Lower Silesian Regional Railways
- Native name: Dolnośląskie Koleje Regionalne
- Type: Private
- Industry: Rail transport
- Founded: 2002
- Defunct: 2006
- Successor: Lower Silesian Railways
- Area served: Lower Silesia

= Lower Silesian Regional Railways =

Short-lived heritage rail operator in Poland

Lower Silesian Regional Railways (Dolnośląskie Koleje Regionalne; DKR) was a short-lived privately-owned rail operator intended to serve the Lower Silesian Voivodeship of Poland. Founded in 2002, its aim was to reopen and serve disused railway lines in Lower Silesia, operating as a heritage railway in hopes of preventing the future closure of other lines. The company was succeeded by the state-owned rail operator, Lower Silesian Railways, in 2008.

== History ==
Lower Silesian Regional Railways (DKR) was founded in 2002, as one of the first privately owned rail operators in Poland after Polish State Railways's (PKP) restructuring the year prior. The aim of DKR was to reopen and serve railway lines that had been previously closed by PKP in the 1990s, specifically in Lower Silesia. DKR hoped that this would result in preventing further closure of railway lines by PKP.
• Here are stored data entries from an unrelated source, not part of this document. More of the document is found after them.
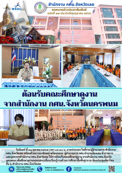 วันจันทร์ ที่ ๓๑ ตุลาคม ๒๕๖๕ เวลา ๐๙.๓๐ น. นายประกอบ โพธิ์ราม ผู้อำนวยการ สำนักงาน กศน.จังหวัดเลย พร้อมด้วยนางนงลักษณ์ พร้อมจะบก ผู้อำนวยการ กศน.อำเภอเมืองเลย ข้าราชการและบุคลากรสำนักงาน กศน.จังหวัดเลย ให้การต้อนรับคณะศึกษาดูงาน จากสำนักงาน กศน.จังหวัดนครพนม เพื่อศึกษาดูงานและแลกเปลี่ยนเรียนรู้งานด้านการศึกษาขั้นพื้นฐาน ณ ห้องประชุมผีตาโขน ชั้น ๒ สำนักงาน กศน.จังหวัดเลย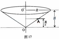 (2)如图17所示,一个竖直放置的圆锥筒可绕其中心OO′转动,筒内壁粗糙,筒口半径和筒高分别为R和H,筒内壁A点的高度为筒高的一半。内壁上有一质量为m的小物块。求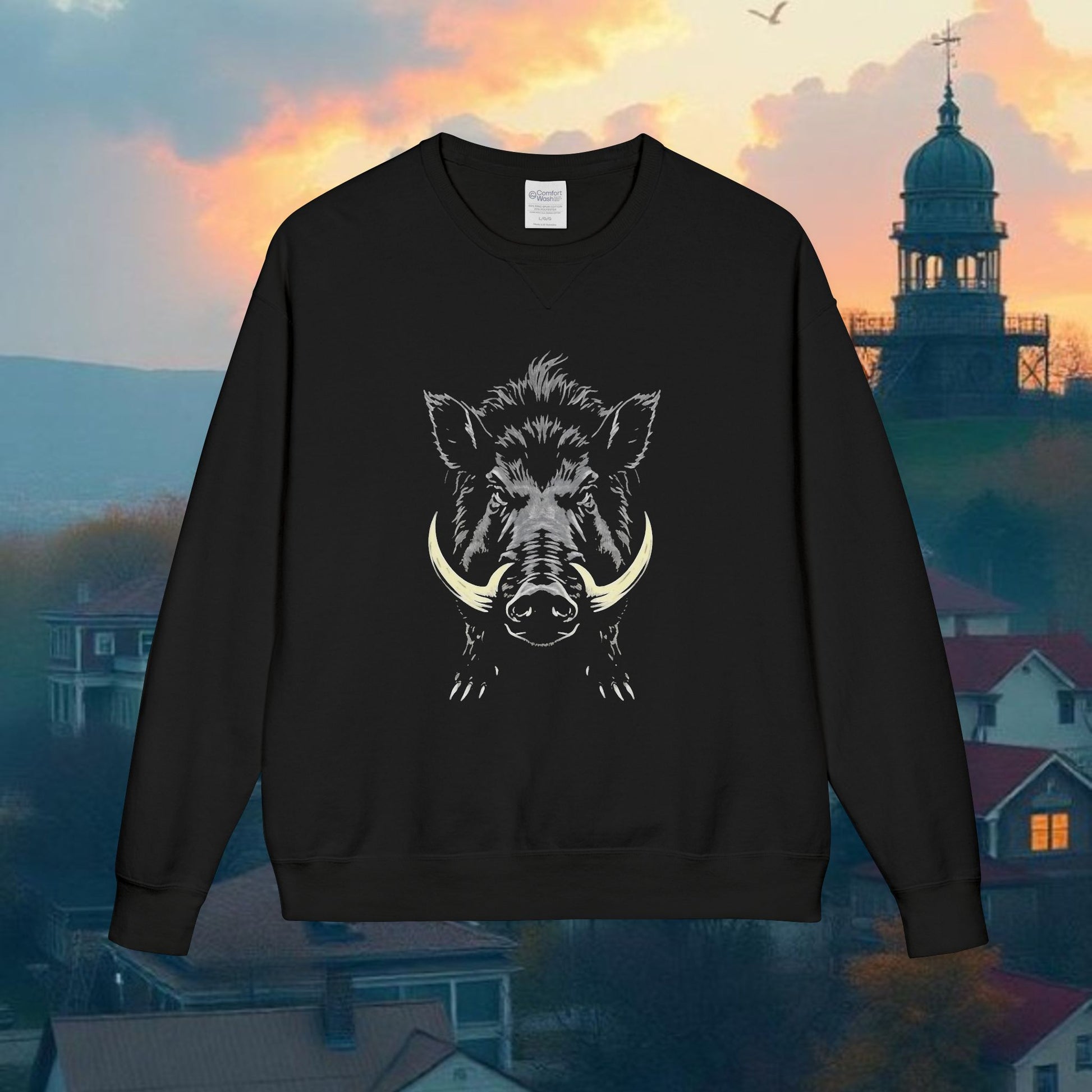 Crewneck Sweatshirt, Wild Boar Graphic, Unisex Cozy Sweatshirt, Vintage Style Crew Neck, Outdoor Adventure Apparel
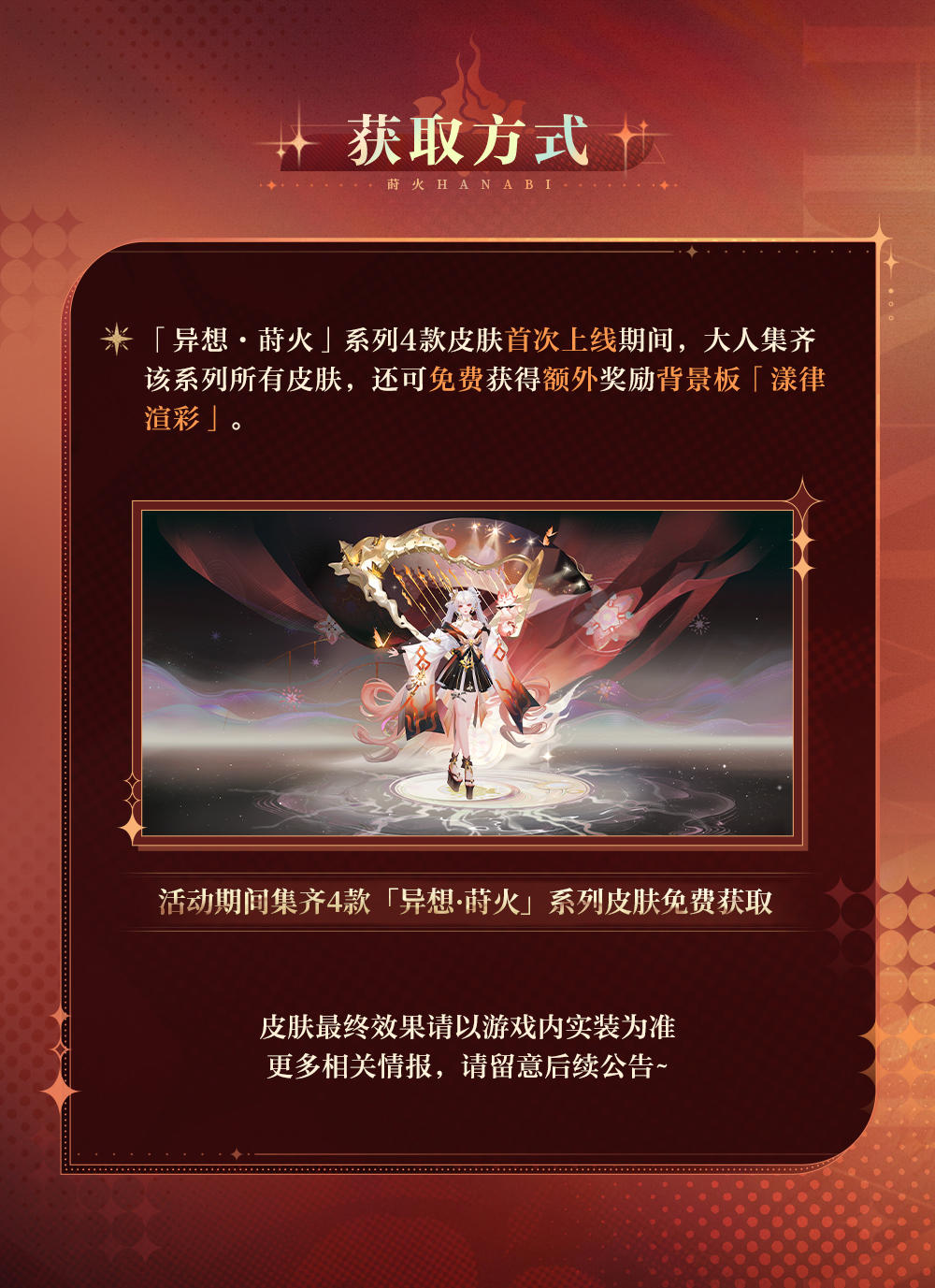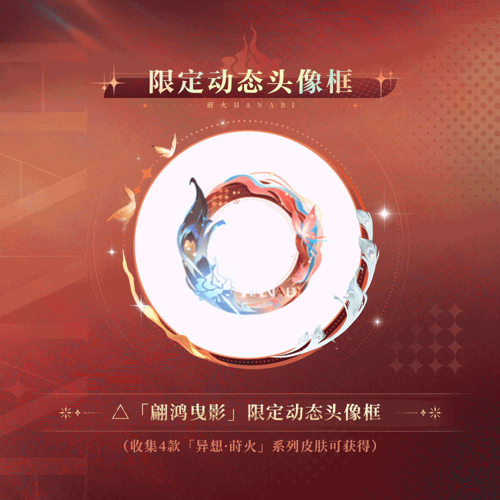 ※「异想·莳火」系列皮肤共4款,大人获得该系列的不同款数皮肤,可对应解锁限定插画「浮光声屿」、限定动态头像框「炽火烁音」、限定插画「浅憩定格」、限定动态头像框「翩鸿曳影」等收集奖励。

DKR leased its first line from PKP, the Wrocław–Trzebnica railway in 2002, which closed to passenger services in 1991, operating freight trains until 1999. Despite the line's closure, it had not been dismantled, just in poor condition. At the same time, DKR purchased two 102A DKR Ryflaki carriages and leased a diesel shunting locomotive to operate its services as heritage railway. DKR restored the railway for basic operation, and announced in February 2005 that passenger services will soon commence. However, on 10 February, just over a week prior to the scheduled reopening ceremony on 18 February, around 20 m of track of the line was stolen. The tracks were replaced in late February, however, despite the repair, on 9 March, Polskie Linie Kolejowe (PLK) denied authorisation for DKR to operate the line after a safety concern was raised that DKR carriages stabled at Wrocław Zakrzów railway station may be illegally uncoupled from the locomotive with malicious intent, causing the carriages to roll down the Down line connecting to the main line, risking a collision with a passing freight train.
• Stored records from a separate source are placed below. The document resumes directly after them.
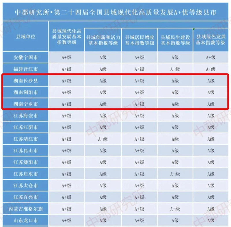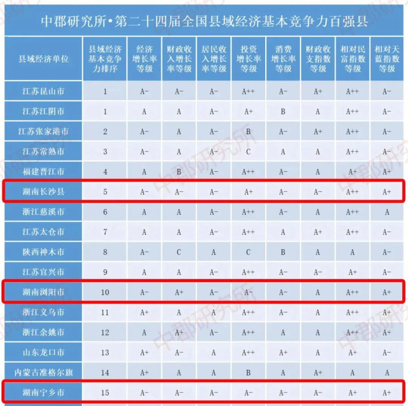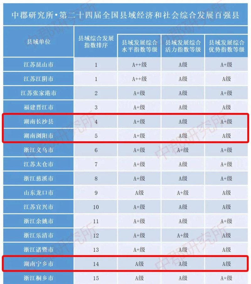 12月6日葡萄京娱乐网站app(中国)官方网站,中郡商议所发布《第二十四届县域经济与县域发展监测评价报酬》,揭晓了世界县域经济基本竞争力百强县、世界县域经济和社会详细发展百强县、中部地区县域经济百强县等名单。在前两个百强榜中,长沙市的三个县市——长沙县、浏阳市、宁乡市均进入前十五强,在中部百强榜中更是稳居前三。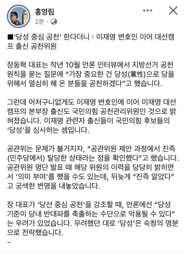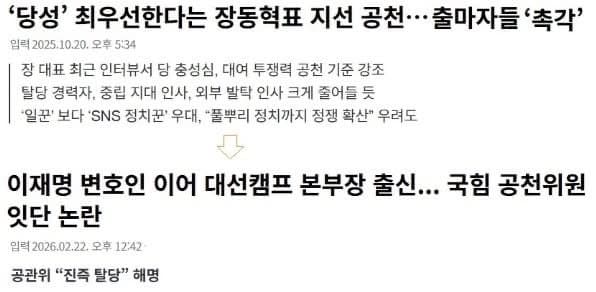 “이재명 관련자들이 국민의힘 공천까지 쥐고 흔든다”는 반발이 나오고 있는 것이다.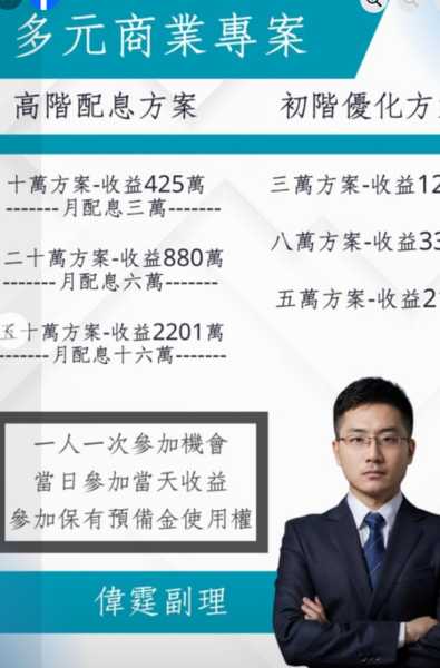 用後期投資者的資金支付前期投資者的收益,營造賺錢假象,最終崩盤跑路。常見話術:「拉人頭分紅」、「層級獎金」、「限量會員」。 -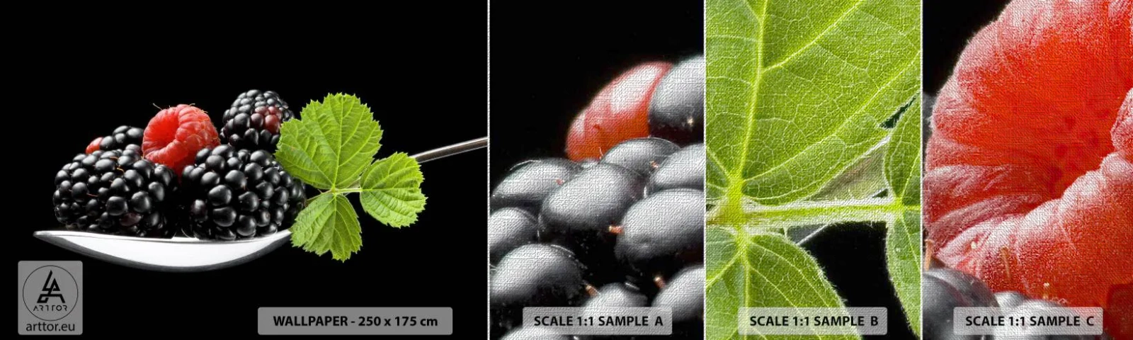 Mostră tapet Premium Canvas - Gustul prospețimii - Fructe, mure, Zmeură - 100x30 cm

After safety equipment was installed at the end of the line preventing any accidents, services commenced sometime in mid-2005. A farewell trip was held on 7 October 2006, when the last DKR train closed the Wrocław–Trzebnica railway once again, this was after PLK terminated the leasing contract after threatening to dismantle the line.

In December 2007, Lower Silesian Railways (KD) was founded, a rail operator also serving Lower Silesia but fully owned by the Lower Silesian Voivodeship. The following year, DKR entered a partnership with KD. As KD was still seeking rolling stock, the company leased the two 102A Ryflaki carriages from DKR, intending them to be used as reserved stock. The two carriages were transported to be stored at Miłkowice Depot, where they were extensively modernised and refurbished. Despite this, they were never used in regular services, and were kept at the depot until 2016, when they were purchased by Shortlines to operate on their seasonal routes.

In 2007, the Lower Silesian Voivodeship took over the Wrocław–Trzebnica railway in plans to reopen the line operating under KD. The line was rebuilt and extensively modernised between 2008 and 2009, reopening on 20 September 2009.